Цель Битова — не в том, чтобы осудить (или оправдать) своего героя, а в том, чтобы дать почувствовать, что такое жизнь под взнесенными над головой копытами Медного всадника. В “Пушкинском доме” показана бескровная трагедия, цена которой — несостоявшаяся личность, раздавленный интеллигент: не исключение, а правило. В постдуэльной действительности автор оставляет Одоевцева-младшего наедине с самим собой и вопросом: “Что делать?”. Появление в постмодернистском контексте названия романа Чернышевского побуждает искать в этом вопросе расширительный смысл.
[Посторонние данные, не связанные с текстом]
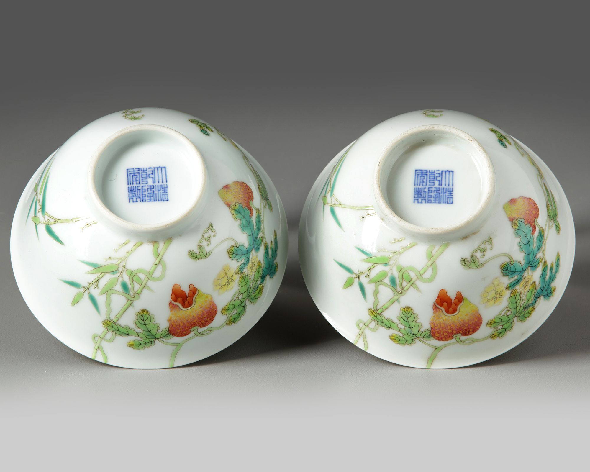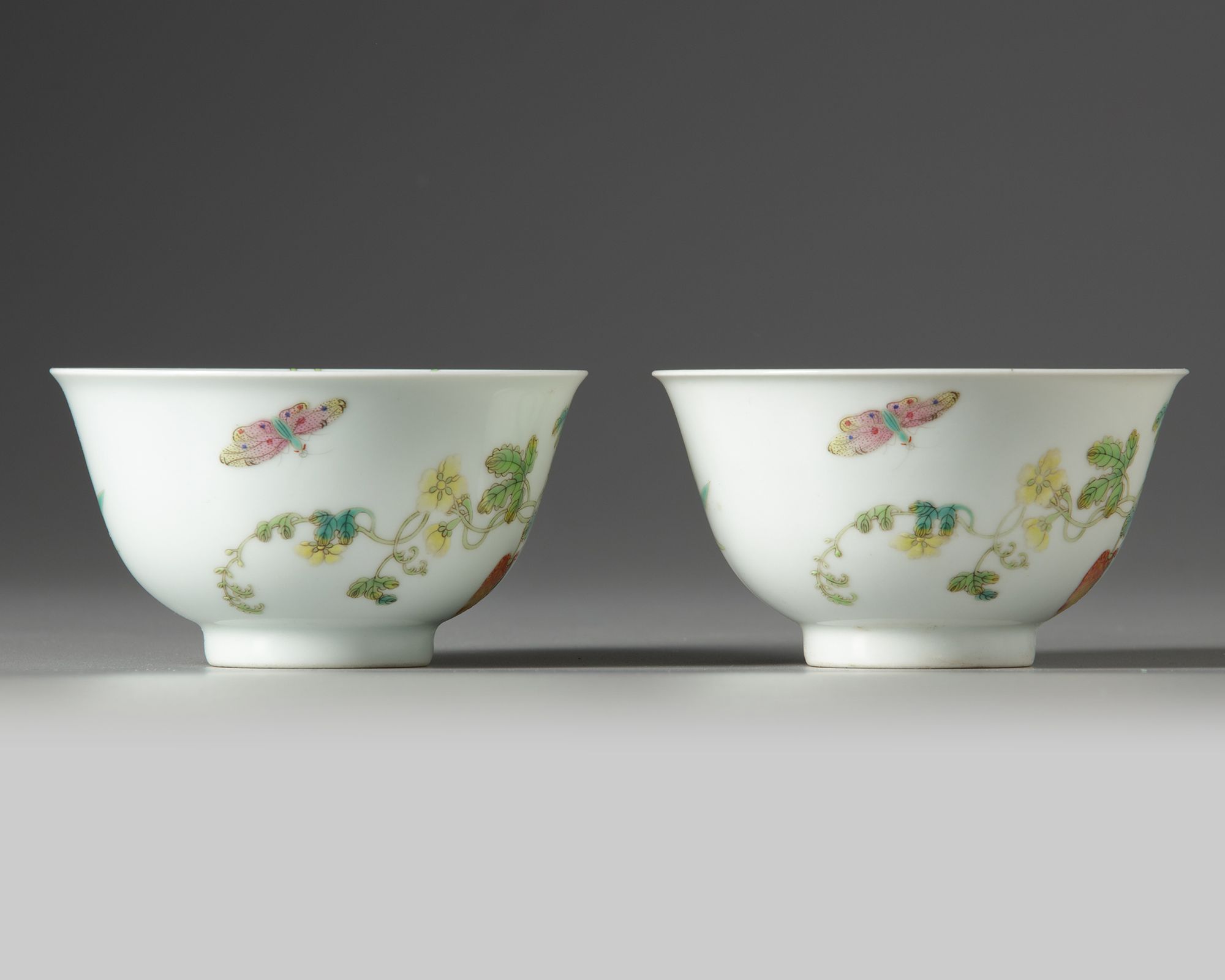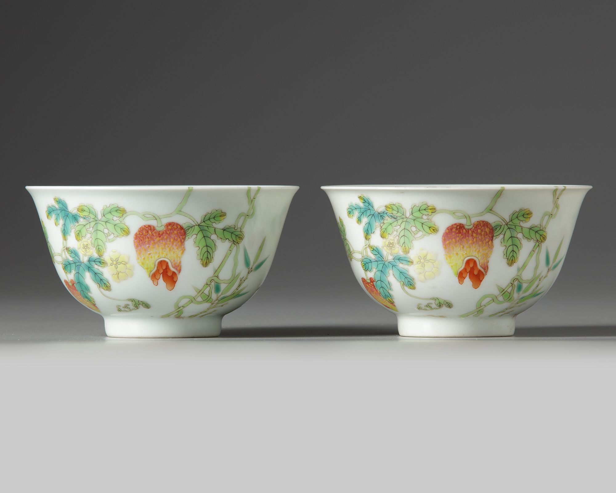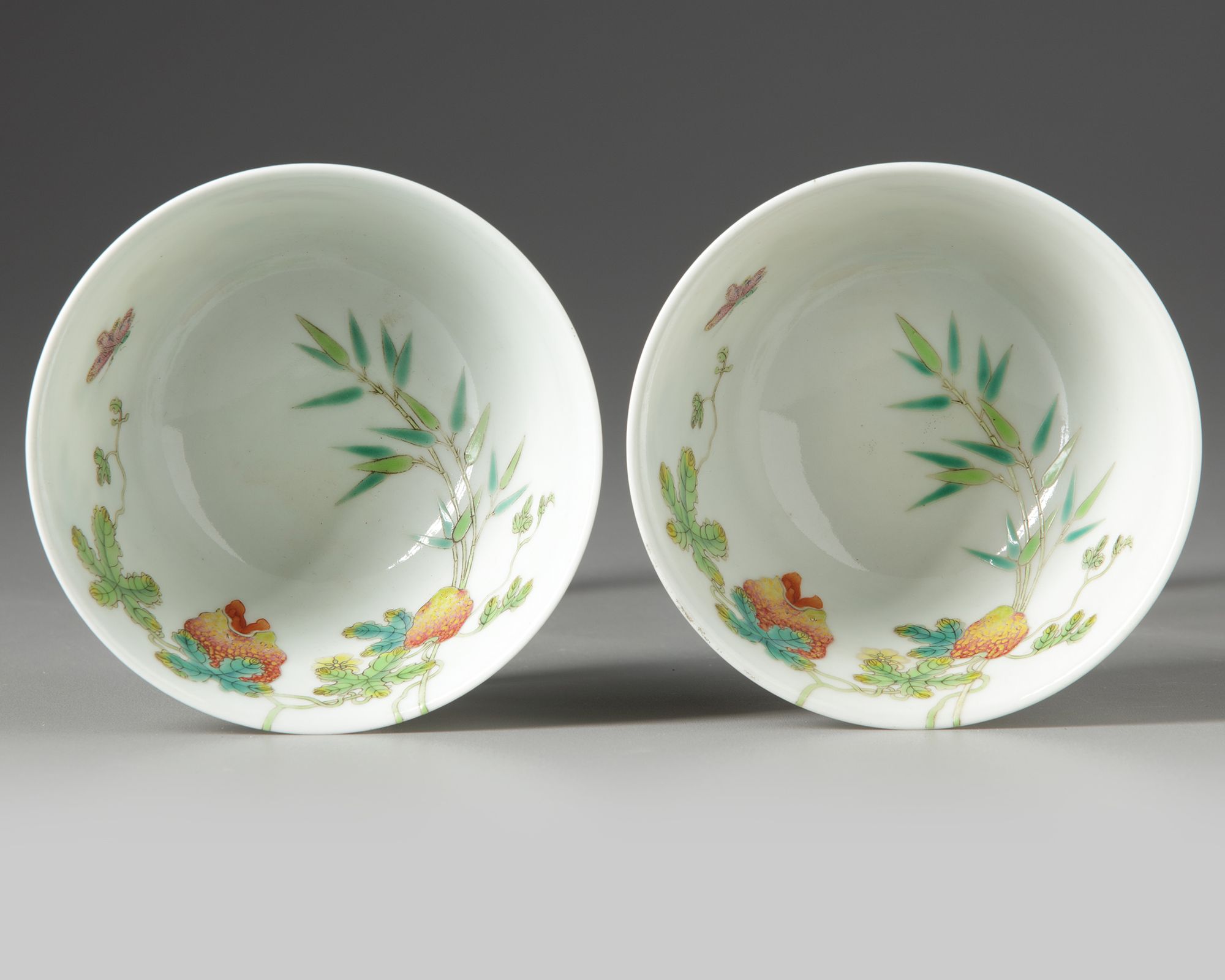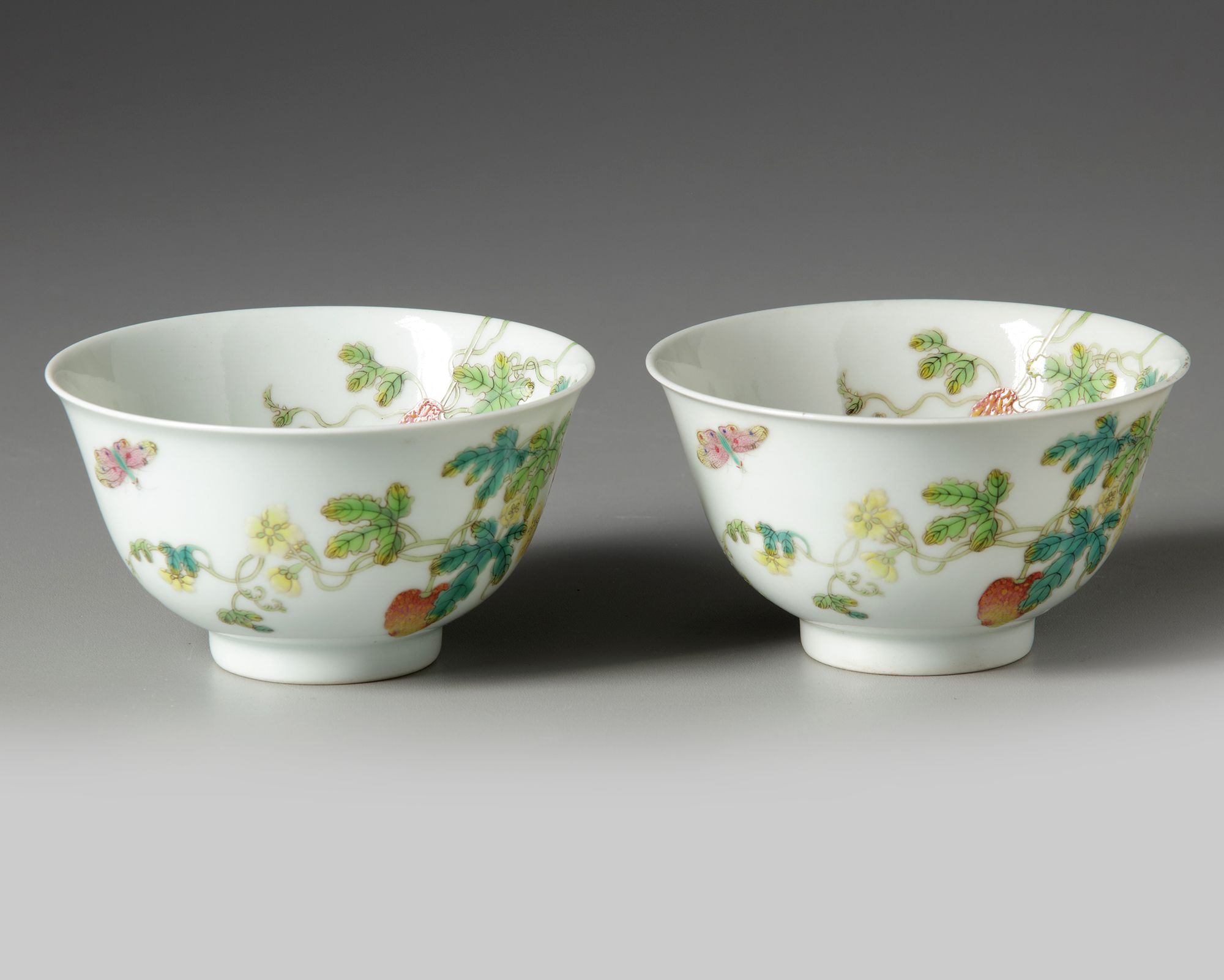 The bowls are each decorated on the exterior with a fruiting and flowering vine bearing ripe bitter melons and bamboo which continue over the everted rim into the interior, all below butterflies.

Что делать? Скрыть следы своего “восстания”, смириться или решиться на продолжение “бунта”? Жить по меркам, предложенным классической литературой, или не смешивать литературу с жизнью? Что делать с собой, неисправимым, презираемым и любимым, несмотря ни на что? Что делать вообще России, зашедшей в тупик? Чернышевский, как известно, отвечал: революцию (но революцию уже сделали), Розанов: ничего не делать (но и так ничего не делают). Битов использует испытанный код: “открытый финал”, рассчитывая на то, что Левин вопрос засядет в сознании читающего, подобно не дающей покоя занозе. Считая логику развития исчерпанной, художник ставит условную точку (или условное многоточие).
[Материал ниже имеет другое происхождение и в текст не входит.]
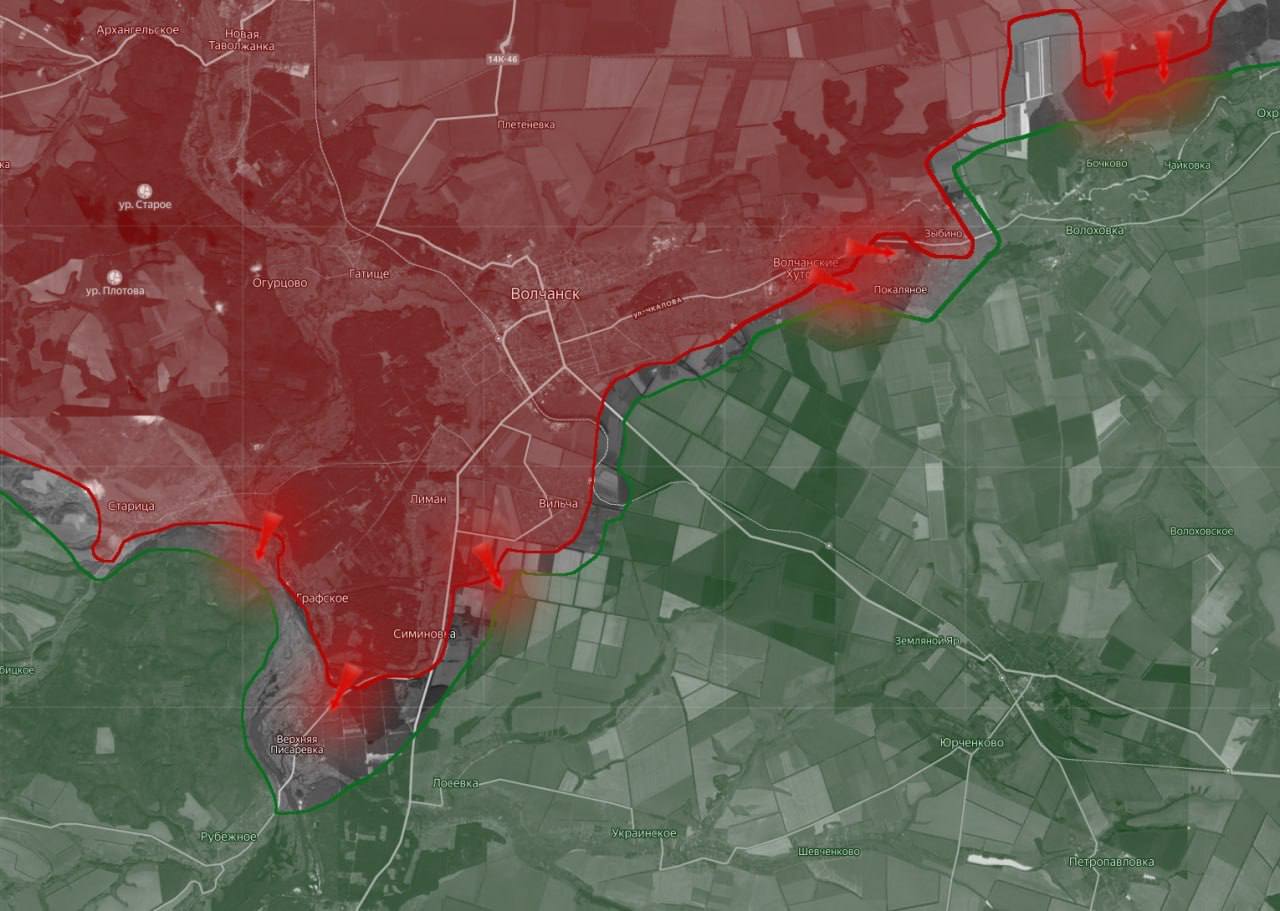 «На Харьковском направлении идут бои в окрестностях Волчанска – в лесных массивах в районе Симоновки и Верхней Писаревки.
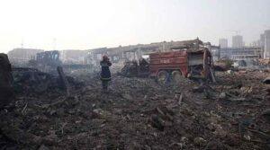 A representative image showing a firefighter that records the consequences on the explosions site in Tianjin on August 15, 2015. – AFP…
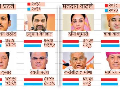हनुमान बेनीवाल यांच्या मतदारसंघात सर्वाधिक मतदान घटले तर, बाबा बालकनाथ यांच्या मतदारसंघात सर्वाधिक वाढले आहे.
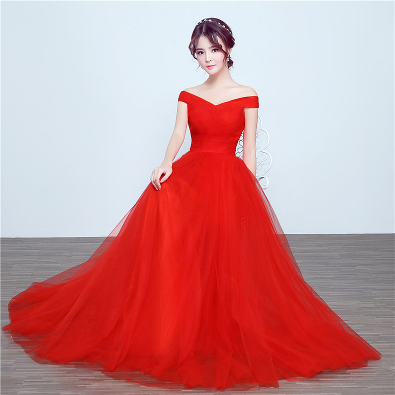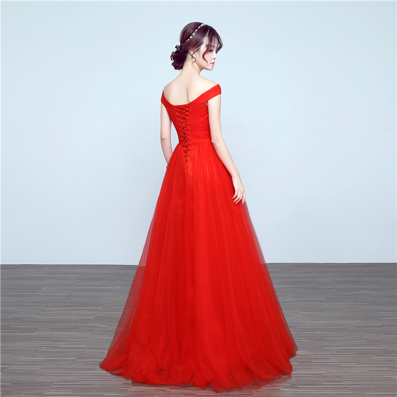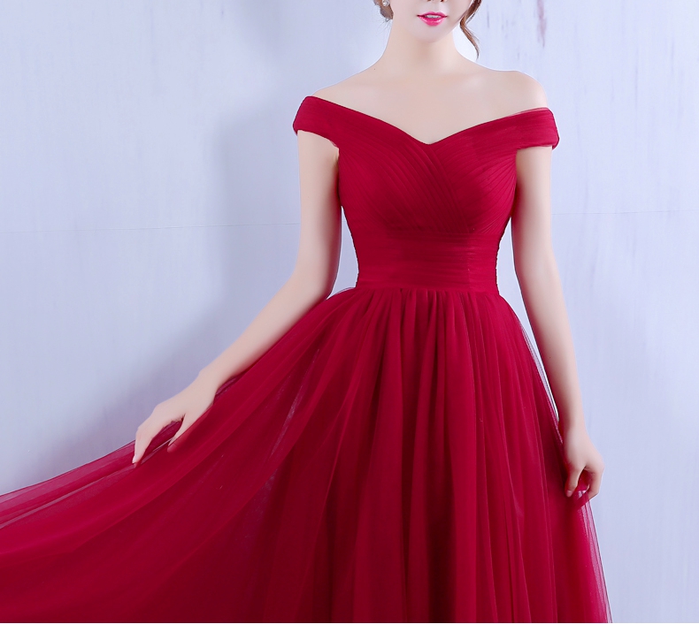 - Elegant A-line off shoulder tulle long prom dress,formal dresses -
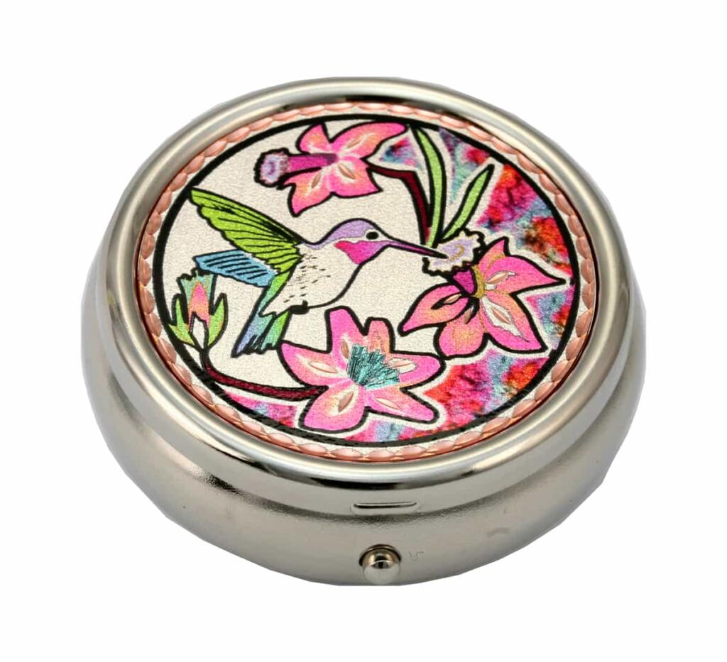 The unique hummingbird pill box is silver in color with plastic compartments and decorated with colorful copper artwork. Buy hummingbird gifts for women. Round rhodium-plated pill boxes are 4.5 cm in diameter and 2 cm high ( 1.78 inches in diameter and 0.79 inches high ) with plastic compartments. You can easily keep your pills organized using this awesome and best silver color pill case. Shop for a pill box embellished with hummingbird artwork that is the elegant and feminine best choice for women who love hummingbirds and nature. The hummingbird symbolizes devotion, permanence, and eternity. Although hummingbirds are small, they are known to fight ferociously to protect and defend their territory.

Битов постоянно предупреждает, что на самом деле все могло быть и не так, апробирует альтернативные версии, как бы размывая стабильные смыслы, разрушая необратимую линейную последовательность повествования. Вот одно из характерных высказываний писателя: “Так ли они говорили? Мы еще однажды перепишем все сначала, для скуки. Перемелем монологи и реплики, чтобы один как бы больше отвечал другому, и — попроще, попроще! — слово зачеркнем — слово надпишем. Мог ли Лева употребить слово “Писание” вместо “Евангелие” — помучимся — оставим так” (с. 302). Битов не скрывает, что у Левы Одоевцева могла быть не описанная в романе семья, а совсем другая, жалуется, что Лева все больше превращается в “коллективного” героя и — более того — “так все развилось”, что “ни один из них не герой, и даже все они вместе — тоже не герои этого повествования, а героем становится и не человек даже, а некое явление, и не явление — абстрактная категория” (с. 219). Вместе с тем “версии и варианты” призваны удостоверить типичность центральной фигуры “Пушкинского дома”, неизменной в своих главных качествах при любом повороте событий.
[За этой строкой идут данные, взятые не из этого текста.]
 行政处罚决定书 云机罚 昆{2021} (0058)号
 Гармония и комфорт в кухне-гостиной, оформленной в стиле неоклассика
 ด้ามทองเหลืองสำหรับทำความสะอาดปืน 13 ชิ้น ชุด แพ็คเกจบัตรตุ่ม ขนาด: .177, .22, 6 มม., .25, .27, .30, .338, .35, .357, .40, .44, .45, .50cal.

Не случайно одно из альтернативных жанровых определений романа, используемых писателем в “Обрезках (Приложении к комментарию)”, — роман-модель: строительные “балки”, “арматура” в нем не запрятаны, а сознательно обнажены. Тем самым писатель не позволяет смешивать жизнь и искусство, как бы настаивает на его автономности, напоминает, что мы имеем дело с реальностью -литературной, где действуют свои законы, по которым и нужно судить художественное произведение. С этой же целью Битов берет на себя функции литературоведа и выявляет используемый прием. Завершая рассказ о праздничном народном гулянье, он замечает: “Вот мы и уплатили дань всеобщей обязательной карнавализации повествования…” (с. 289). Повествуя о Леве Одоевцеве, писатель одновременно раскрывает и способы создания этого образа: “Мы воспользовались правилами параллелограмма сил, заменив множество сил, воздействовавших на Леву, двумя-тремя равнодействующими, толстыми и жирными стрелками-векторами, пролегающими через аморфную душу Левы Одоевцева и кристаллизирующими ее под давлением. Так что некоторая нереальность, условность и обобщенность этих людей-сил, людей-векторов, не означает, что они именно такие, — это мы их видим такими через полупрозрачного нашего героя…” (с. 210). Проблема “автор — герой” становится предметом размышлений Битова в самом тексте “Пушкинского дома”.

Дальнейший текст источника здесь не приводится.